The Alert Cleanup Discipline
Alerts accumulate. The cleanup that prevents alert sprawl.
Why alerts accumulate
Each new feature ships with a few alerts and nobody removes the old ones. After 2 years a team owns 200 alerts and uses 30; the cost is paid by on-call because noisy alerts mask real ones, train responders to ignore pages, and burn out rotations. Cleanup is not optional because without scheduled pruning, alert sprawl is mathematically guaranteed.
- Per-feature alert addition. Each new feature adds alerts; nobody removes the old ones.
- 200 alerts, 30 useful. After 2 years; the dilution kills signal-to-noise.
- Cost paid by on-call. Noise masks real alerts, trains responders to ignore, burns rotations out.
- Sprawl is mathematically guaranteed. Without scheduled pruning, the catalog only grows.
The quarterly cleanup
Every quarter each team reviews all alerts they own. Decision per alert: keep, retune, retire; retire any alert that fired zero times last quarter and is not a safety net; retire any alert that fired but had no action taken; block the cleanup ritual on the on-call calendar because if it is not scheduled, it does not happen.
- Quarterly cadence. Each team reviews all alerts they own; the recurring discipline.
- Three decisions. Keep, retune, retire; per-alert verdict.
- Zero-fire retirement.

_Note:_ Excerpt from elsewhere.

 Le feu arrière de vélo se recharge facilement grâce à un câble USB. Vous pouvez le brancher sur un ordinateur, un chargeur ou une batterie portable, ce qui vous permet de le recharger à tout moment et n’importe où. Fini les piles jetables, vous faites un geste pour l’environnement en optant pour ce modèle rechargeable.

Fired zero in 90 days and not a safety net: retire.
- Calendar block. If not scheduled, it does not happen; the discipline lives in the calendar.

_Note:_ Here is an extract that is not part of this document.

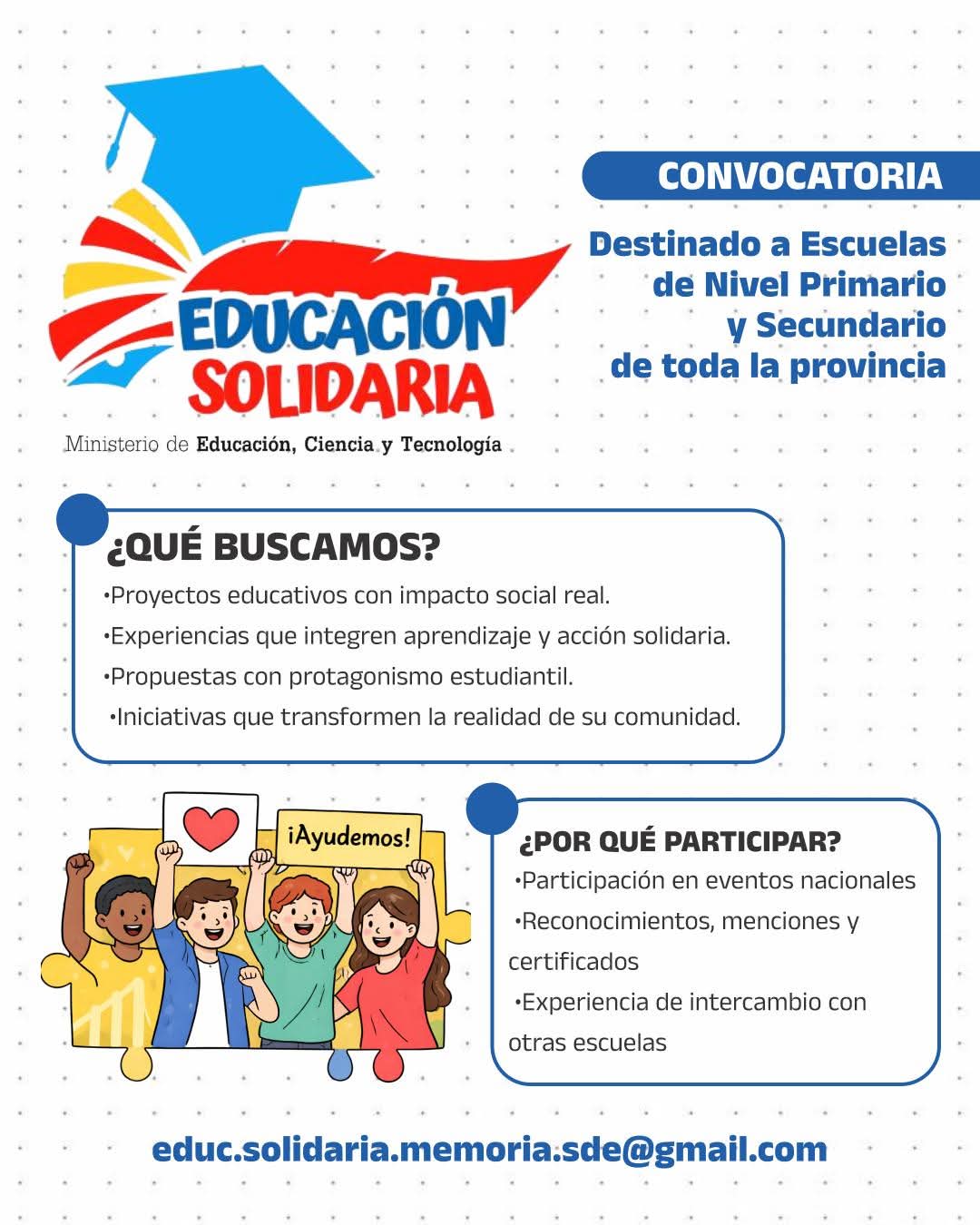 Convocan a escuelas santiagueñas a participar de Educación Solidaria 2026

Metrics that drive the cleanup
Three metrics drive cleanup decisions. Per-alert fire count last 90 days; per-alert action-taken rate (was an incident opened?); per-alert noise score (fires per resolution). A noise score above 5 (5 fires per real incident) is a candidate for retirement or major retuning; surface the metrics in a dashboard the team sees weekly so cleanup becomes default behaviour.
- Fire count last 90 days. The basic activity metric.
- Action-taken rate. Was an incident opened; the value indicator.
- Noise score > 5. 5 fires per real incident; retirement or retuning candidate.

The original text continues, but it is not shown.